Шаляпин еще не лев, но когти львенка уже растут. Его не только хвалит пресса, но от его пения «плачет навзрыд бандит Клык» и дает ему кличку «Песенник».
Шаляпину девятнадцать лет. Когда он в Тифлисе по-(чт в концерте сцену Мельника «Да, стар и шаловлив я стал», публика замирает в зале, а потом встает и разражается бурной овацией (стр. 154).
И тогда же, услышав сцену в корчме из «Бориса Годунова», Шаляпин вдруг почувствовал, что с ним «случилось что-то необыкновенное». Он пишет: «Я вдруг почувствовал в этой странной музыке нечто удивительно родное, знакомое мне. Мне показалось, что* вся моя запутанная, нелегкая жизнь шла именно под эту музыку.
* Страницы указаны по первому изданию.
<Стр. 476>
Она всегда сопровождала меня, живет во мне, в душе моей,—и более того: она всюду в мире, знакомом мне... Мне хотелось плакать и смеяться... Первый раз я ощутил тогда, что музыка – это голос души мира, ее безглагольная песня» (стр. 160).
Далеко ли этим строкам до замечательного описания Роменом Ролланом музыкально-психологических переживаний маленького Кристофа? Пожалуй, цитат достаточно.

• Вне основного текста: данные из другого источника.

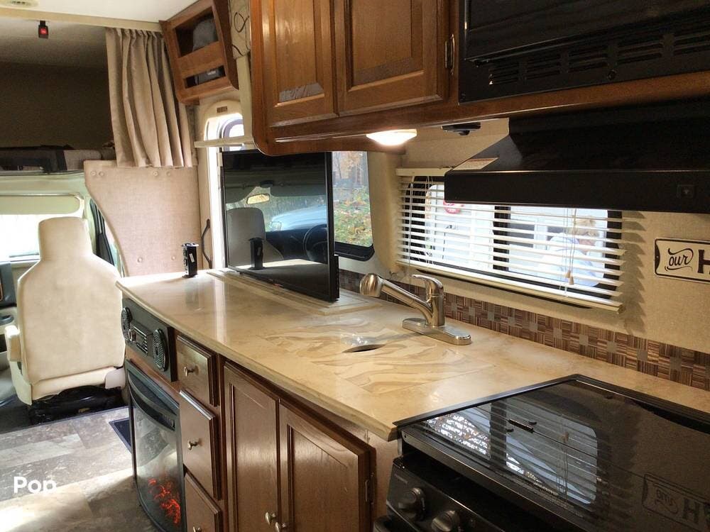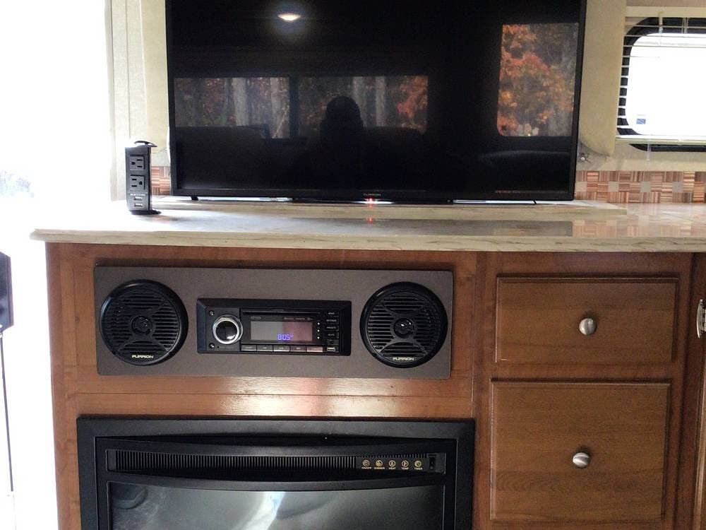 Well-maintained Class C with outdoor entertainment center, electric fireplace, and newer tires!

Шаляпин родился гениальным певцом, и ни в чем ином он гениален не был. Его гений был, если можно так выразиться, в его «голосовой душе», в его голосовых тембрах, которые были цветами богаче радуги, оттенками ярче солнечных спектров, ясностью ощутимее солнечных лучей. Все вопросы его художественного бытия решались его певческим голосом.
Что же это был за голос?
Просматривая статьи крупнейших наших критиков, наблюдавших за становлением гения Шаляпина и его грандиозным ростом, нужно отметить присущую им всем одну и ту же особенность: за ничтожными исключениями, художественные эмоции, рожденные искусством Шаляпина, вызывали у людей музыкальной науки не придирчивость строгого научного исследования, давали им в руки не скальпель анатома, а краски художественного, образного, беллетристического, в лучшем смысле слова, изобразительства.

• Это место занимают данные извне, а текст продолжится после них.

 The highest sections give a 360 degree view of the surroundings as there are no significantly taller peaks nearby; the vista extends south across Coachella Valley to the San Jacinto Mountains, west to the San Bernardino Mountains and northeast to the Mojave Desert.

В самом деле, в рецензиях о Шаляпине почти нет детальных разборов ни самого его голоса, ни метода (или школы), которым он был обработан. Никто не распространяется о том, сидит ли у него звук в маске или зажимается связками («горлит»), выравнены ли у него регистры или отличны друг от друга, мощнее ли его голос – голоса того или иного имярека «ли нет и т. д. и т. п. Как ни существенно важно было бы изобразить в статьях первейшее оружие певца – его голос как таковой, – эта тема исчерпывается самыми трафаретными и не всегда верными определениями. Бас-кантанто ровного и бархатного тембра со слабоватыми низами и свободными верхами. Часто «попадающееся слово «баритон» мне представляется неуместным, некиим доказательством недостаточного внимания к определению шаляпинского голоса. Голоса определяются в основном не по диапазонам, а
<Стр. 477>
по тембрам, и здесь двойственность определения невозможна. Если бы это было не так, мы бы считали А. В. Секар-Рожанското и М. Е. Медведева за относительно тяжелые верхи баритонами, а баритонов М. Б. Сокольского или В. А. Томского (я называю только современников Шаляпина) за их беспредельные верхи – тенорами.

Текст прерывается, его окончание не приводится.